● **Task goal**
Your copy starts at the line containing "香水評価 4.00 / 5 投票数: 11 票" and ends at the last line of the material below. Reproduce those lines exactly, with no pictures.

BEGIN Supplied information

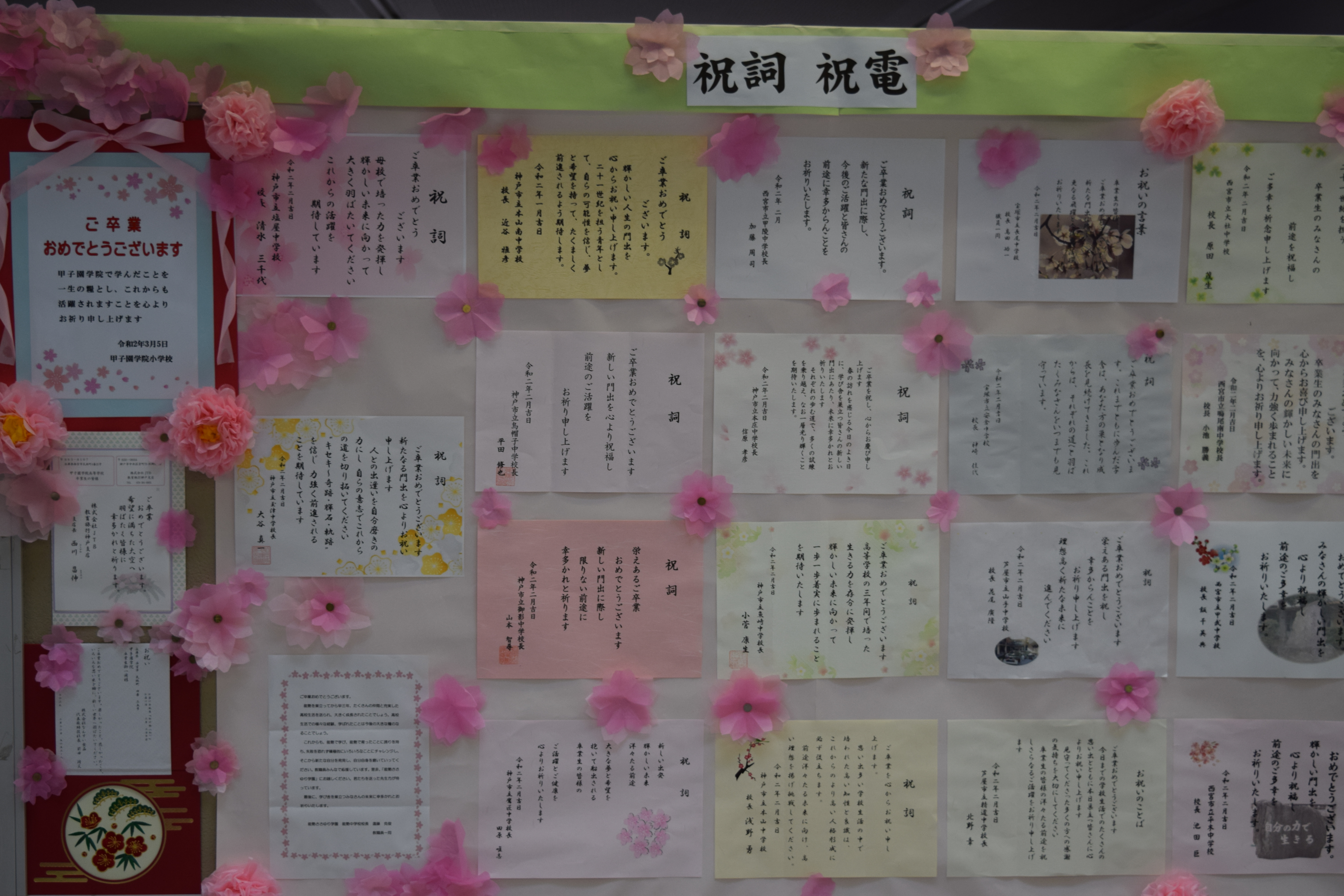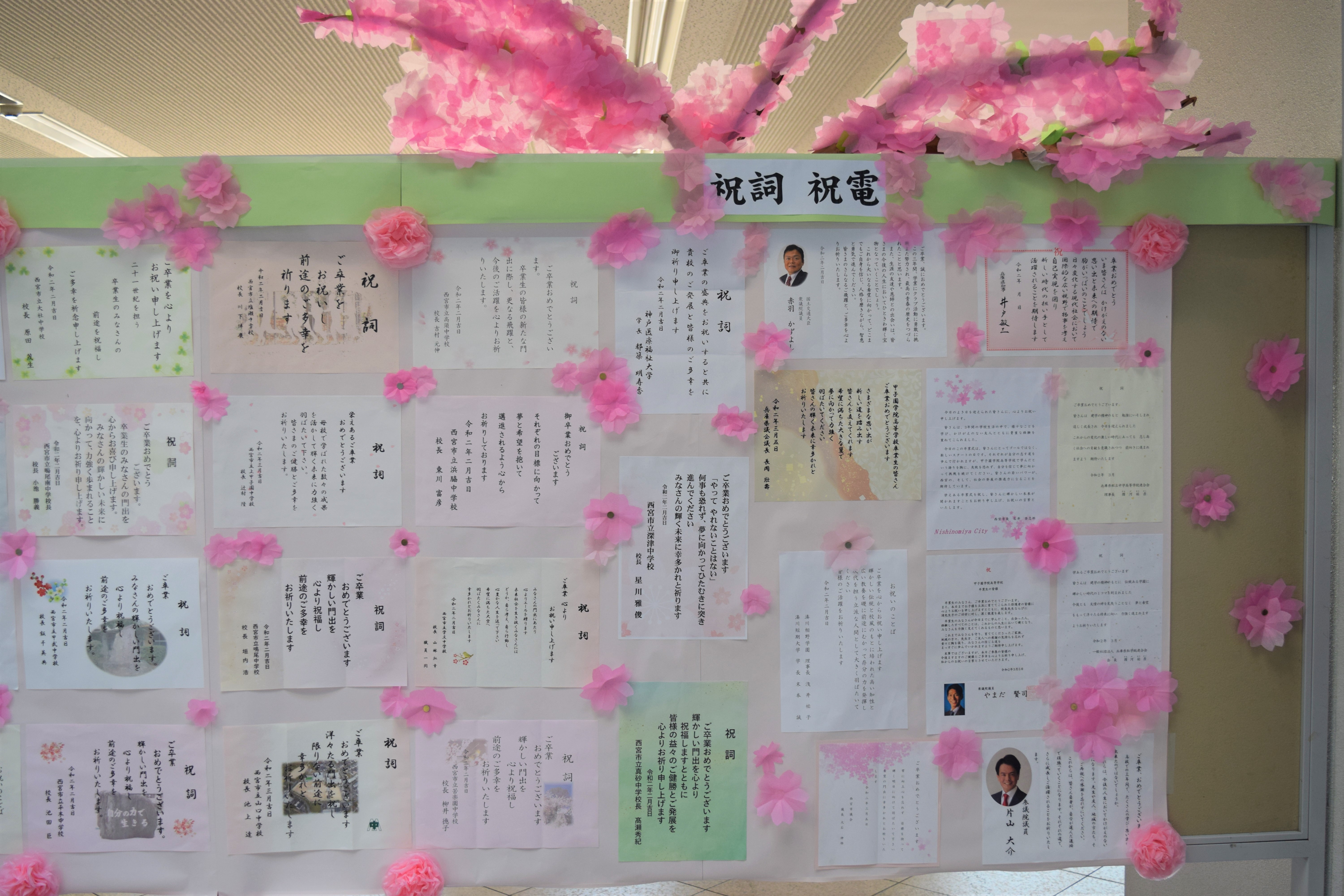 出身中学校から卒業するみなさんへのお祝いメッセージもたくさん届いています。
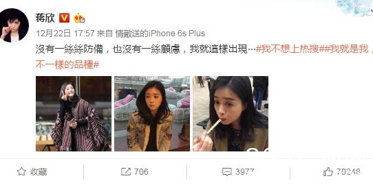而“蒋欣胖了”这个话题更是时常登上热搜榜,而她自己也是时常调侃自己太能吃了..
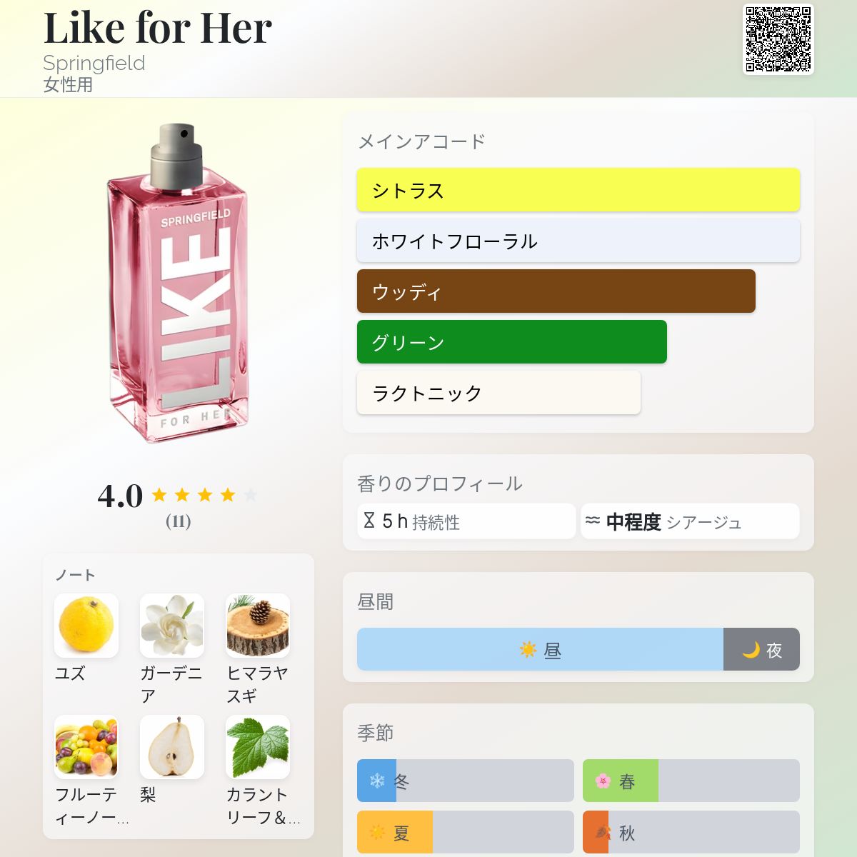香水評価 4.00 / 5 投票数: 11 票
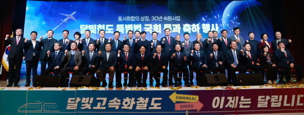 이를 위한 첫걸음으로 7일 오후 광주 김대중컨벤션센터에서 달빛철도가 경유하는 10개 지자체 단체장을 비롯하여 국회의원, 시민 등 1,200여 명이 참석한 가운데 달빛철도 특별법 국회 통과 축하 행사가 열렸다.

END Supplied information

● **Output of the task**
香水評価 4.00 / 5 投票数: 11 票
 이를 위한 첫걸음으로 7일 오후 광주 김대중컨벤션센터에서 달빛철도가 경유하는 10개 지자체 단체장을 비롯하여 국회의원, 시민 등 1,200여 명이 참석한 가운데 달빛철도 특별법 국회 통과 축하 행사가 열렸다.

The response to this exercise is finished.